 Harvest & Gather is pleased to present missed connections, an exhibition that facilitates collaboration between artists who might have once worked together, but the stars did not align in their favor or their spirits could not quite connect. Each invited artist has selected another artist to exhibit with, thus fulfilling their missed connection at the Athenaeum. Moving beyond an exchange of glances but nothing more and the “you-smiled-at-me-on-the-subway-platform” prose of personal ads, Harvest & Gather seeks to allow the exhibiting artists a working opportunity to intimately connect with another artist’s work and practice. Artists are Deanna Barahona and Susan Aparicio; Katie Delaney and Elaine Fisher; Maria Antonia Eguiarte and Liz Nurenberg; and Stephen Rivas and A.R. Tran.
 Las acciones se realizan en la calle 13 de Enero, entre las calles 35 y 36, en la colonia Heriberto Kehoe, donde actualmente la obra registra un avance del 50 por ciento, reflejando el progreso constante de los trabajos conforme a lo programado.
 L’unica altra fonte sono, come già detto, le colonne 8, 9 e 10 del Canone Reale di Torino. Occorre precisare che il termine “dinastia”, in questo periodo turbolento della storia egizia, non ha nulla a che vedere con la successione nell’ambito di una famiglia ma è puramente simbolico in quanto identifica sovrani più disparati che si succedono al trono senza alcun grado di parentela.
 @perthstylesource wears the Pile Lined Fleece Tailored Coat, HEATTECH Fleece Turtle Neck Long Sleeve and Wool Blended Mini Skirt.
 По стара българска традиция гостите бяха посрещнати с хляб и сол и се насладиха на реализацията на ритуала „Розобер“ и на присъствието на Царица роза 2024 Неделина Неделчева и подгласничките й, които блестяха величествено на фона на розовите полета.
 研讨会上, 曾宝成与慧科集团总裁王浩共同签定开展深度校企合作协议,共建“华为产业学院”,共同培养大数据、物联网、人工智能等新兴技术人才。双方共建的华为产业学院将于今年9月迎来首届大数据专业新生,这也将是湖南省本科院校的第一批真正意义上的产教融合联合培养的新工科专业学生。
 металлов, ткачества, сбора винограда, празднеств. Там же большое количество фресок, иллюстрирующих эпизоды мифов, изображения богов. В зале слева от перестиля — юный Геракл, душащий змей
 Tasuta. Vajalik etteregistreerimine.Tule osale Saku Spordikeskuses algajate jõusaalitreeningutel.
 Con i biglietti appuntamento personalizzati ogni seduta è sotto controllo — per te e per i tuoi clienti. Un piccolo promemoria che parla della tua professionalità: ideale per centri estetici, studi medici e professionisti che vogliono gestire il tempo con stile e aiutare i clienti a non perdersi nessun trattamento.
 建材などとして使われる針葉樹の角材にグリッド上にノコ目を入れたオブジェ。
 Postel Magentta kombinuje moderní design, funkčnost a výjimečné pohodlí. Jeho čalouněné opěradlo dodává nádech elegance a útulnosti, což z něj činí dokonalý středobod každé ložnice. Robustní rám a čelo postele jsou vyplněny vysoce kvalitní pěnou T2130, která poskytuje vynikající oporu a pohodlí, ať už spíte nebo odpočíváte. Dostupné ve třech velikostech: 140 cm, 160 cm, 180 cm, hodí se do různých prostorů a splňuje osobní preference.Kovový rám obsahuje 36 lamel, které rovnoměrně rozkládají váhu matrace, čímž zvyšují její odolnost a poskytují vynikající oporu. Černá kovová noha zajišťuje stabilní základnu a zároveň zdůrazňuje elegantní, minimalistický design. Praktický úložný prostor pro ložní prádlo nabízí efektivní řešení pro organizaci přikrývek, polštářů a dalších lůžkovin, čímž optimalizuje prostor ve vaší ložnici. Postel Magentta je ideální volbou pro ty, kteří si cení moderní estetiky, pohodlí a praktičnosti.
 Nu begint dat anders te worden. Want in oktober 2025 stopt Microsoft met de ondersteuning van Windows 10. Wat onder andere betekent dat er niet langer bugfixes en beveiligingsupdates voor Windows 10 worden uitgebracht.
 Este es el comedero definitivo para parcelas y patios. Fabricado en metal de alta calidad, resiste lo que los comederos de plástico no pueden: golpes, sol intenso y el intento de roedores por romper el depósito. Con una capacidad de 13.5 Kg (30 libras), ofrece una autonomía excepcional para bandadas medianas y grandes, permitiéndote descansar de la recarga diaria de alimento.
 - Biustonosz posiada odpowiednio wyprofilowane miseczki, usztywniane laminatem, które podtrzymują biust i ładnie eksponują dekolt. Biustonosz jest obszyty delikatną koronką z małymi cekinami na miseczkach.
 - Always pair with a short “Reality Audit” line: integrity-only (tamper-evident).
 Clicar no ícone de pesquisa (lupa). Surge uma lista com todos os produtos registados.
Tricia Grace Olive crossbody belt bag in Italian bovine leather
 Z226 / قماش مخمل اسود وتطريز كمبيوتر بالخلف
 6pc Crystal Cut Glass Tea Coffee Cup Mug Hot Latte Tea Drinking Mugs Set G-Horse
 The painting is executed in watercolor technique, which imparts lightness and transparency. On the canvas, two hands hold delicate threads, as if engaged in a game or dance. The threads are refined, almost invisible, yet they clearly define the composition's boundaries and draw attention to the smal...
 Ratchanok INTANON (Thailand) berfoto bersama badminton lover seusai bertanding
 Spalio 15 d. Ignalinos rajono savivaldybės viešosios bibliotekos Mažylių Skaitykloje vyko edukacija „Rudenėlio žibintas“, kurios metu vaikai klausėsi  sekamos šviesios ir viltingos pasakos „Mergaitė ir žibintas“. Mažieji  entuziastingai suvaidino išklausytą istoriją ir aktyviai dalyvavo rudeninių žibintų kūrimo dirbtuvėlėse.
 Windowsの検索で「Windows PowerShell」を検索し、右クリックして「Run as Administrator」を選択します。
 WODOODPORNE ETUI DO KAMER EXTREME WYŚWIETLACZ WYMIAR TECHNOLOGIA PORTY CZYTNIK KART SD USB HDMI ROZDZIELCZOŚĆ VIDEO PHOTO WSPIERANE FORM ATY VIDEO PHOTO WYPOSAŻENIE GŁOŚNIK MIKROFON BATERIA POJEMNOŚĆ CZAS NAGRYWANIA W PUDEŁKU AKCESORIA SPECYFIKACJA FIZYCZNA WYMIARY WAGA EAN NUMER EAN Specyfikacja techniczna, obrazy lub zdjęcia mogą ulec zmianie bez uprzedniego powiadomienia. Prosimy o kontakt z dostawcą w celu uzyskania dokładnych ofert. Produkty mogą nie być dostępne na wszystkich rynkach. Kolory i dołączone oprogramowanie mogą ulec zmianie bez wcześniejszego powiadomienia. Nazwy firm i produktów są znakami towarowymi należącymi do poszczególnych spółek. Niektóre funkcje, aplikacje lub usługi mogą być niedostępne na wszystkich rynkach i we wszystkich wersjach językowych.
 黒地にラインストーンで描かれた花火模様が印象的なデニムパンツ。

» **Exercise directions**
Among the records above, a stretch begins at the line containing "Con i biglietti" and ends at the line containing "建材などとして使われる針葉樹の角材にグリッド上にノコ目を入れたオブジェ。". Restate that stretch word for word, and nothing else.

» **Reply**
 Con i biglietti appuntamento personalizzati ogni seduta è sotto controllo — per te e per i tuoi clienti. Un piccolo promemoria che parla della tua professionalità: ideale per centri estetici, studi medici e professionisti che vogliono gestire il tempo con stile e aiutare i clienti a non perdersi nessun trattamento.
 建材などとして使われる針葉樹の角材にグリッド上にノコ目を入れたオブジェ。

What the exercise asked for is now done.